Before I get on to the good stuff, here is what helped me during this period. Yes, it's all common sense and you may have seen this advice from other forums, but let me reiterate them again because they are vital to your well being. 

  1. REST. REST a LOT. REST when the baby is resting.  SLEEP AS MUCH AS YOU CAN. I mean it, sleep when the baby is sleeping.  Forget the housework, dishes in the sink, extra loads of laundry. Do what you can with the help of family or friends to keep a home that feels comfortable but don't worry about every last detail or chore. 
  2. HYDRATE and eat NOURISHING foods.  Stay hydrated. Your body is healing and needs all the goodness of water and clean, wholesome foods to provide it the fuel to heal and in the case of nursing moms, lactation. 
  3. GET OUT OF THE HOUSE. Once you're able to walk, take a gentle walk.  Even if it's only 5 minutes.  Start short and gently increase the time as you get stronger. Change your scenery, even for a little bit of time.  It will give you perspective, and different air to breathe.  
  4. FIND A WOMEN'S HEALTH PHYSIO. This one is little tough because not every therapist is going to be covered by your health plan.  If your insurance will cover for post partum physical therapy do try and schedule at least one visit. Seeking the help of a trained professional was the BIGGEST thing that helped me in my road to recovery. My therapist showed me how to do self massage around my incision to help offset the build up of adhesions in the area.  She also gave me useful exercises to help with low back pain and provided me with tips on how to move my body with the baby, i.e. putting the baby in the car, taking out the stroller from the trunk. I know, real basic stuff, but trust me, when you're a mom with DR, learning how to move optimally will save your body. Now here's the last thing that helped me. 

Introducing the MuTu System. 

Ladies, there are a ton of resources out there that you will find, from books to videos on you tube. It can seem really overwhelming, especially to a new mama. Taking care of your baby and yourself is a 24/7 effort so I am going to make it really simple and give you the best resource that I found to save you some time... because time is VALUABLE! 

By the way - this is NOT a sponsored post. I am sharing this because this is what worked for me. So please know that this is coming from my heart and not some paid endorsement. 
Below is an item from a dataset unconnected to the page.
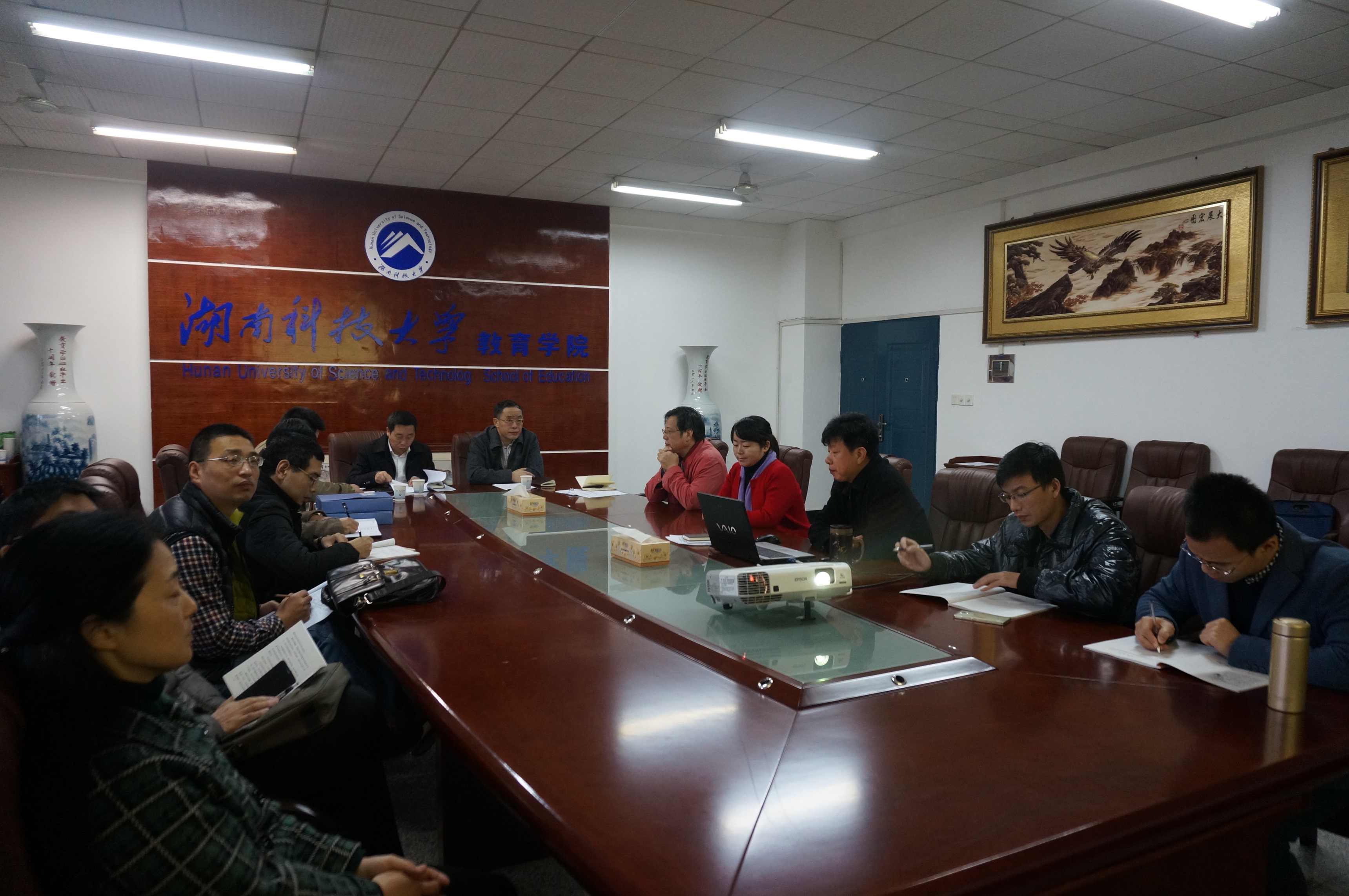 11月18日下午,教育学院2015年度执行党风廉政建设责任制报告会在第八教学楼203会议室顺利召开。会议由教育学院党委书记谭建平教授主持,由校党委组织部刘龙洲教授等人组成的工作组来我院检查考核,学院科级及以上干部、党委委员、各支部书记参加了此次会议。

Introducing the MuTu system. I stumbled upon MuTu after various searches. I was a bit reticent about it as there were a lot of videos and other similar services that seemed just as great.

What really sold me on this system was the founder, Wendy Powell. Wendy's super kind and non-judgmental approach to post baby fitness was a breath of fresh air. The last thing a new mama needs is to feel judged or beat down by a teacher who clearly isn't experiencing the effects of post baby pain. 
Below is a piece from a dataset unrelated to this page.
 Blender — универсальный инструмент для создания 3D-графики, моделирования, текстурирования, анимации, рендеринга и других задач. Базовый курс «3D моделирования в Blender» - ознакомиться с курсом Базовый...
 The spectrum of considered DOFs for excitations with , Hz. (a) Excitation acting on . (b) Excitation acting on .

The best way I can describe the MuTu experience is that it's very much like a light HiiT workout specifically designed for post partum mums.  There is use of light weights and resistance bands combined with stretching that is safe for women with DR. There are exercises specifically with DR and pelvic floor dysfunction in mind.  There is also helpful nutrition advice and super supportive "pep talks" that gave me the kind of boost that I needed to know that I AM NOT ALONE.  


Birthing a baby is like launching a space craft, it wrecks everything on the way out.
— Rachel Hollis, Founder Chic Media and author of Girl, Wash Your Face

After Mila was born I searched for so many sources to help me. Before birth I had used other platforms like Cody, Yoga Glo, YouTube, you name it, for workout and yoga videos.  MuTu is an organized program that distills and clarifies what you need to do to foster healing. It takes the out the guess work and planning that new moms just don't have the time and energy for.  
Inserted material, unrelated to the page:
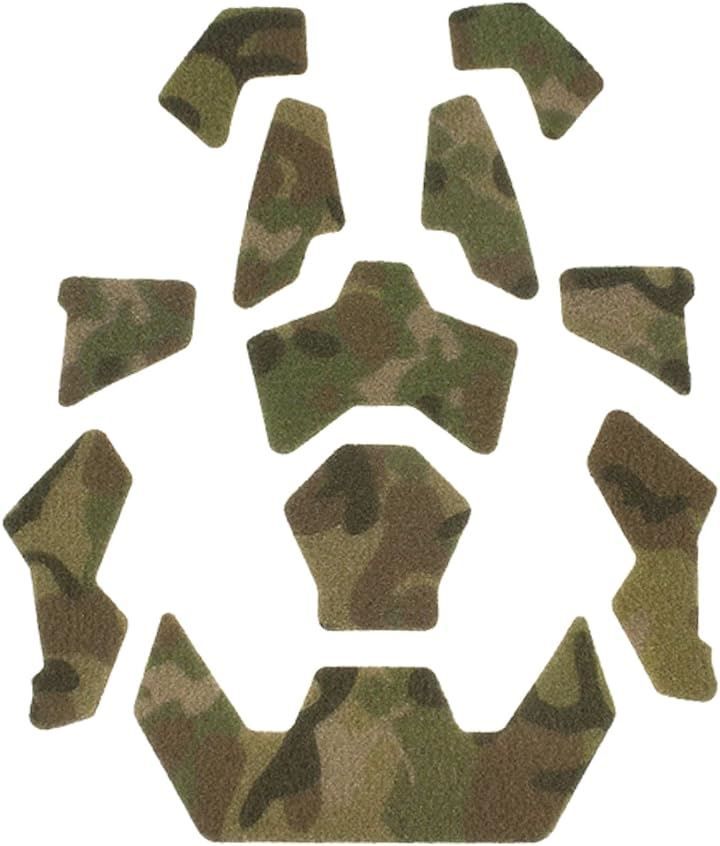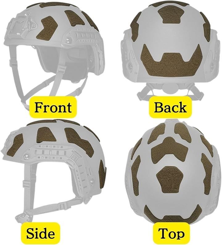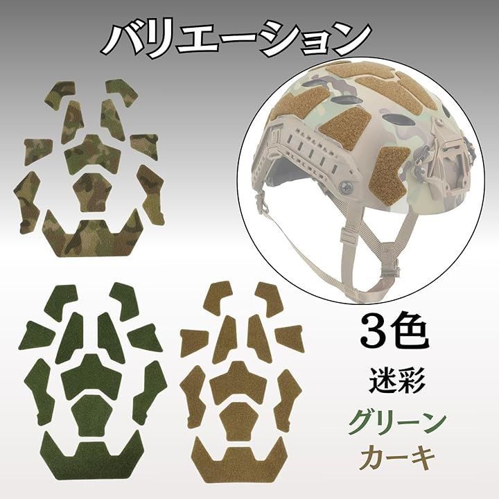 滑りやすいヘルメット表面をザラついた布面に変えることで、アクセサリーやパッチの安定した装着を可能にします。

So, this was my big life saver post baby.  It helped me get to the point where I could get back to my daily practice on the yoga mat, and let me tell you, it's so good to finally feel like there's hope towards healing. 

Despite the chronic pain related to the DR that's still a large percentage of my daily existence I am thankful to have found something that helped me in those first 6 months post birth. I hope that MuTu will also help you. 

Feel free to send any questions and as always, big love to you yogis.